5. Il résulte de tout ce qui précède, sans qu'il soit besoin de se prononcer sur l'autre moyen de la requête, que M. A est fondé à demander l'annulation de la décision de la commission nationale d'agrément et de contrôle du CNAPS du 1er septembre 2021.

Sur les conclusions à fin d'injonction :

6. Le motif d'annulation retenu implique seulement que la CNAPS procède à un nouvel examen de la demande de M. A. Il y a lieu de lui enjoindre d'y procéder, dans un délai de deux mois à compter de la notification du présent jugement.

Sur les frais liés au litige :

7. En l'absence de dépens dans la présente instance, au sens de l'article R. 761-1 du code de justice administrative, les conclusions tendant à leur remboursement, en tout état de cause non chiffrées, ne peuvent qu'être rejetées.

8. M. A a été admis au bénéfice de l'aide juridictionnelle totale. Dès lors, son conseil peut se prévaloir des dispositions des articles 37 de la loi du 10 juillet 1991 et L. 761-1 du code de justice administrative. Il y a lieu, dans les circonstances de l'espèce, de mettre à la charge du CNAPS, en application de l'article 37 de la loi du 10 juillet 1991, le paiement d'une somme de 1 000 euros à Me Debureau, sous réserve qu'elle renonce à percevoir la somme correspondant à la part contributive de l'Etat à la mission d'aide juridictionnelle qui lui a été confiée.

D E C I D E :

Article 1 er : La décision du 1er septembre 2021 de la commission nationale d'agrément et de contrôle du CNAPS, refusant à M. A un agrément en qualité de dirigeant d'une société privée de sécurité, est annulée.

Article 2 : Il est enjoint au CNAPS de réexaminer la demande agrément en qualité de dirigeant d'une société privée de sécurité présentée par M. A, dans un délai de deux mois à compter de la notification du présent jugement.

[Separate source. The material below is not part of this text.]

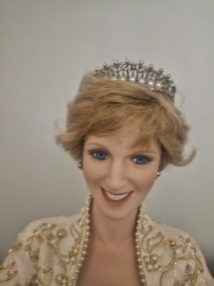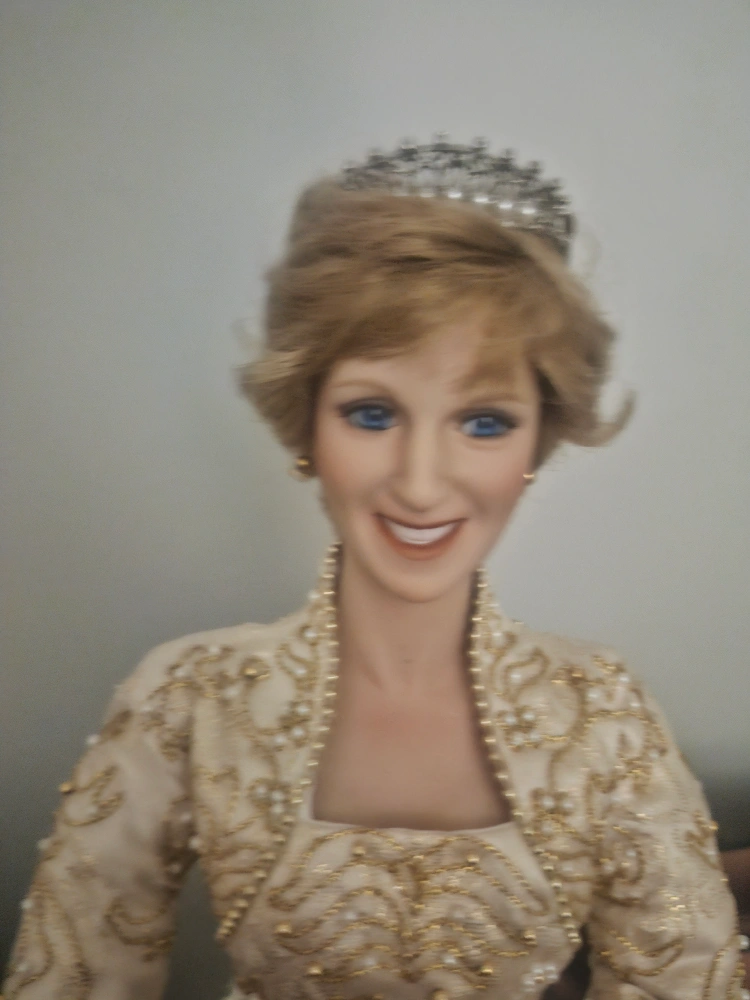 This is a beautiful Princess Diana porcelain doll. The doll is wearing a white dress and a gold jacket. It's in excellent condition and would make a great addition to any collection

Article 3 : Le CNAPS versera à Me Debureau, avocate de M. A, une somme de 1 000 euros au titre des dispositions des articles L. 761-1 du code de justice administrative et 37 de la loi du 10 juillet 1991, sous réserve de sa renonciation à percevoir la somme correspondant à la part contributive de l'Etat.

Article 4 : Le présent jugement sera notifié à M. B A, au Conseil national des activités privées de sécurité et à Me Debureau.

Délibéré après l'audience du 3 mai 2024, à laquelle siégeaient :

M. Peretti, président,

M. Baccati, premier conseiller.

M. Parisien, premier conseiller,

Rendu public par mise à disposition au greffe le 17 mai 2024.

Le rapporteur,

J. BACCATI

Le président,

P. PERETTILe greffier,

D. BERTHOD

La République mande et ordonne au de l'intérieur et des outre-mer en ce qui le concerne ou à tous commissaires de justice à ce requis en ce qui concerne les voies de droit commun contre les parties privées, de pourvoir à l'exécution de la présente décision.